[Work instructions]
Every line from the one with "This year, Unit" to the final line of the records should be printed exactly as it is, with pictures left out.

[Information given]
◇ ◇ ◇ ◇ ◇ ◇ ◇

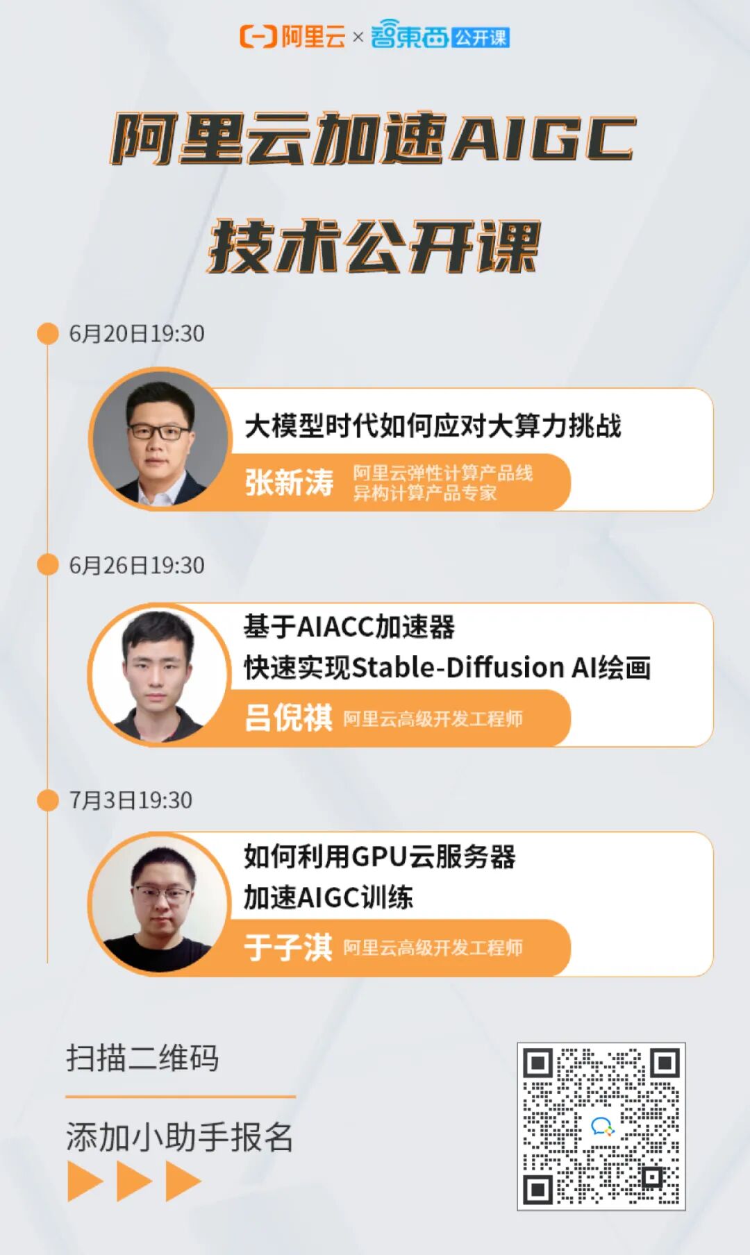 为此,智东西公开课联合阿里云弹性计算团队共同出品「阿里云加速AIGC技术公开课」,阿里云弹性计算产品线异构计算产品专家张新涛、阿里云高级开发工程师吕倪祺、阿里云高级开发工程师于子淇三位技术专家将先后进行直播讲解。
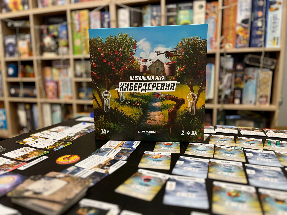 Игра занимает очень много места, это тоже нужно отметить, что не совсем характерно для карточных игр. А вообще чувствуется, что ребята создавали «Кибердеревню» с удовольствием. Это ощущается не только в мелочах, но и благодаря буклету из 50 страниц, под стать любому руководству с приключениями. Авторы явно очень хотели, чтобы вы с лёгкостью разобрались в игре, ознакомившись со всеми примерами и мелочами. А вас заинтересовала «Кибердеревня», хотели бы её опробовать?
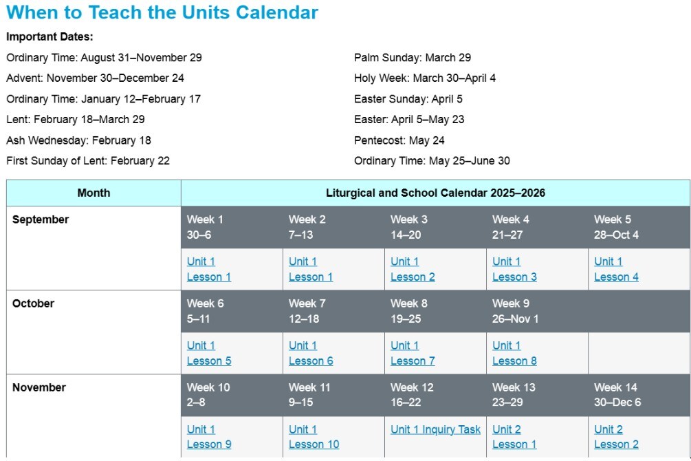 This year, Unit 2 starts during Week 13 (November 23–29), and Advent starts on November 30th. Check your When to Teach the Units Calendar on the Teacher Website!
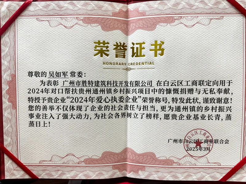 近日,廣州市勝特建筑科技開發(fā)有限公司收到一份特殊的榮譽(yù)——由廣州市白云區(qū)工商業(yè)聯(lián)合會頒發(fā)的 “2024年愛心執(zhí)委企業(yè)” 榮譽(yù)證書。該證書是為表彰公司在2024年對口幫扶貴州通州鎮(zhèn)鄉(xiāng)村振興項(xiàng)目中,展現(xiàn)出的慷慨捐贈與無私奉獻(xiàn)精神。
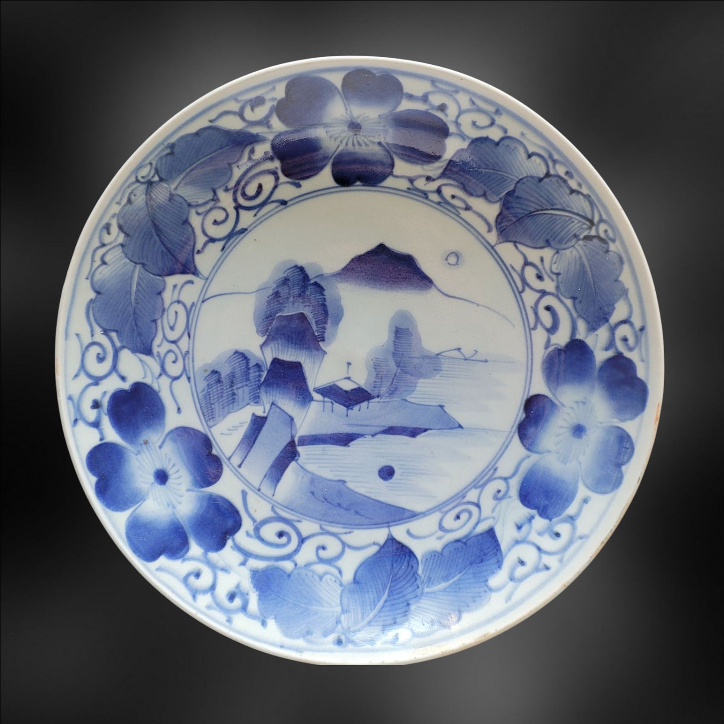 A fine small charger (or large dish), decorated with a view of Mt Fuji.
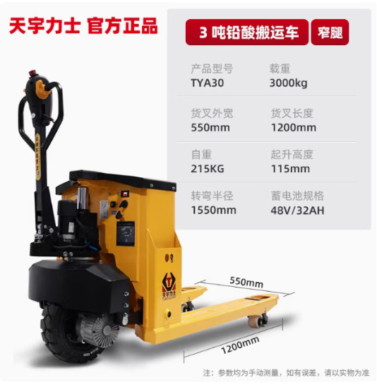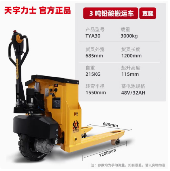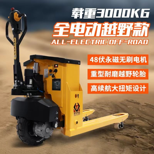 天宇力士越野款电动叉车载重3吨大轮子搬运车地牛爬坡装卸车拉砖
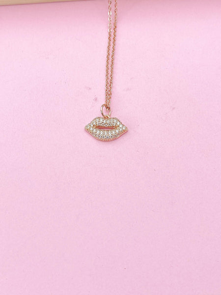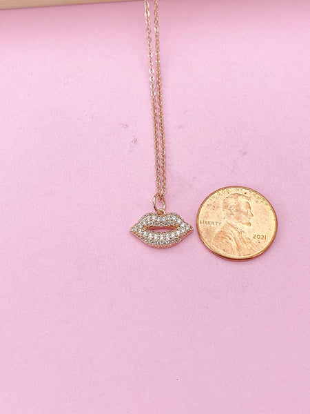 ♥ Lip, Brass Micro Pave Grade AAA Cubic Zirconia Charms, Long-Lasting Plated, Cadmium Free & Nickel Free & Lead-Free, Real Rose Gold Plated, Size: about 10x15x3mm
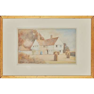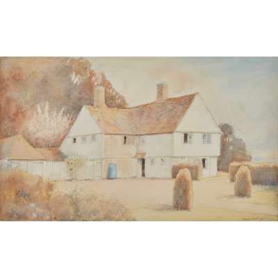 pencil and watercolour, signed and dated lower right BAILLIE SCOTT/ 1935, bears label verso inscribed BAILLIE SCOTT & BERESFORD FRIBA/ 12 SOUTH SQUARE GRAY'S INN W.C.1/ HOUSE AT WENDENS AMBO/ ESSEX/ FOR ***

◇ ◇ ◇ ◇ ◇ ◇ ◇

[Solution]
 This year, Unit 2 starts during Week 13 (November 23–29), and Advent starts on November 30th. Check your When to Teach the Units Calendar on the Teacher Website!
 近日,廣州市勝特建筑科技開發(fā)有限公司收到一份特殊的榮譽(yù)——由廣州市白云區(qū)工商業(yè)聯(lián)合會頒發(fā)的 “2024年愛心執(zhí)委企業(yè)” 榮譽(yù)證書。該證書是為表彰公司在2024年對口幫扶貴州通州鎮(zhèn)鄉(xiāng)村振興項(xiàng)目中,展現(xiàn)出的慷慨捐贈與無私奉獻(xiàn)精神。
 A fine small charger (or large dish), decorated with a view of Mt Fuji.
 天宇力士越野款电动叉车载重3吨大轮子搬运车地牛爬坡装卸车拉砖
 ♥ Lip, Brass Micro Pave Grade AAA Cubic Zirconia Charms, Long-Lasting Plated, Cadmium Free & Nickel Free & Lead-Free, Real Rose Gold Plated, Size: about 10x15x3mm
 pencil and watercolour, signed and dated lower right BAILLIE SCOTT/ 1935, bears label verso inscribed BAILLIE SCOTT & BERESFORD FRIBA/ 12 SOUTH SQUARE GRAY'S INN W.C.1/ HOUSE AT WENDENS AMBO/ ESSEX/ FOR ***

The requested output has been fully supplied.